Ask HN: Where to invest money? - dropshopsa

I am earning some extra money that I wish to invest for 3 years. I want to add more on a monthly basis. Can HN suggest best place to watch my money grow?
======
md1515
Right now CDs are not a great option. Very low yielding.

I would suggest spending a few hours every week studying the stock market so
that you can at least understand things that are going on, fluctuations that
take place etc. I also recommend (my father pays for) Stock Market Mentor. He
is a really brilliant guy and although his service is expensive it will be
made up for by the knowledge you gain. That knowledge (both relevant to
actually picking stocks AND learning to pick your own) will stay with you
forever when you have even more money to invest.

I would suggest spending a few months listening to him and doing your own
research. Find some stocks you like (or sectors) and follow them. You could
test the waters with ETFs because a lot of the stimulus money will be entering
the market soon. Right now the market is quite low by historic levels - that
doesn't necessarily mean it will go up, but the chances are better.
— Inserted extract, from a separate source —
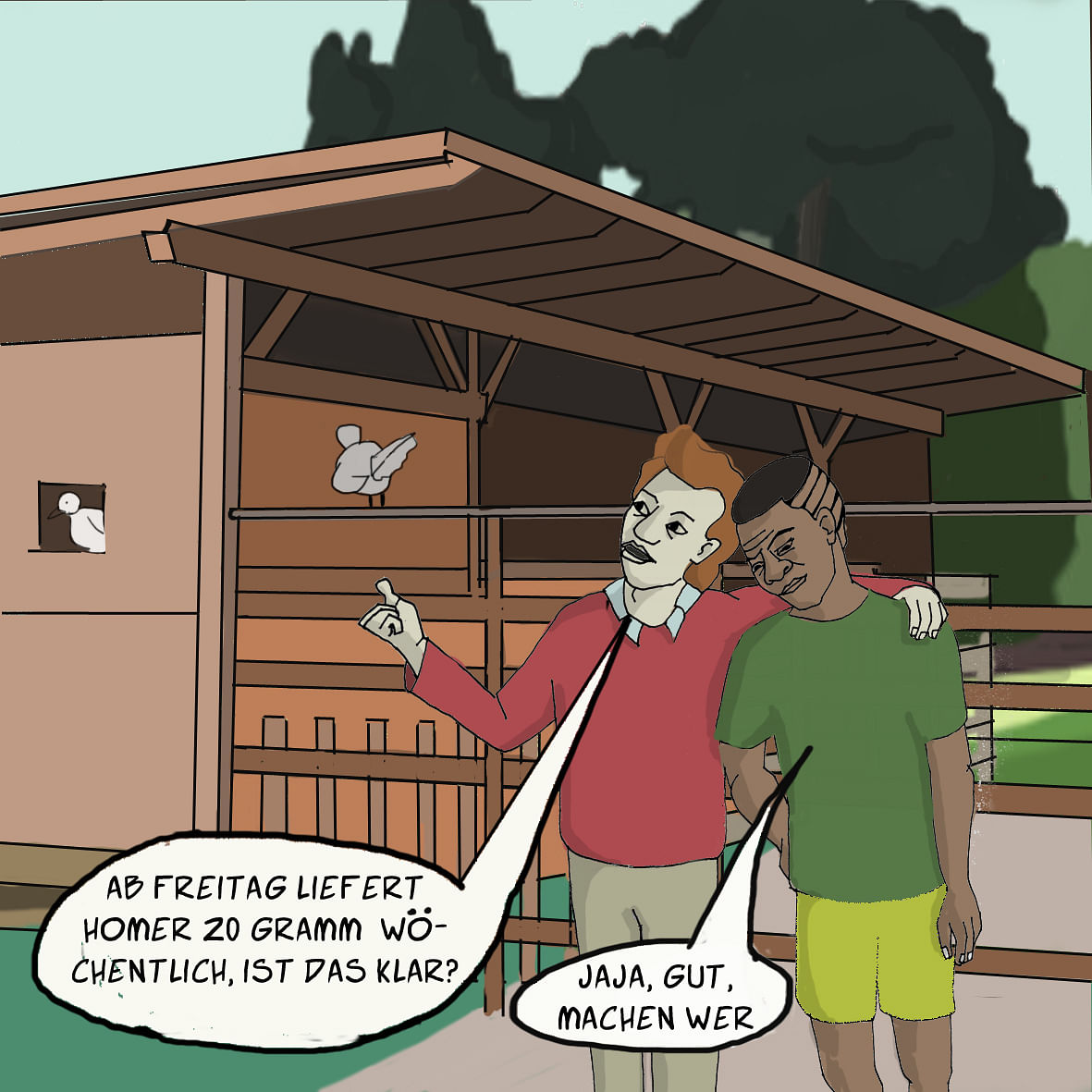 Der Deal kommt vor dem Streichelzoo zustande. W. hat in den Monaten, als er sein Pflegeheim für vierbeinige Philosophen plante, in Homer sein künftiges Dröhnchen erkannt. Er soll liefern.

The market is extremely volatile now. Just be careful..invest in LEARNING and
then test things out. Good luck

------
apieceofpi
Three years is a considerable short term investment period, for which I would
target low-risk assets. How much money are we talking about?

Without knowing more, I would say a 3-year Certificate of Deposit (CD) or bond
funds are your best bet.

------
seanmccann
If you can risk the money then buy stocks. Take a look at Apple in particular.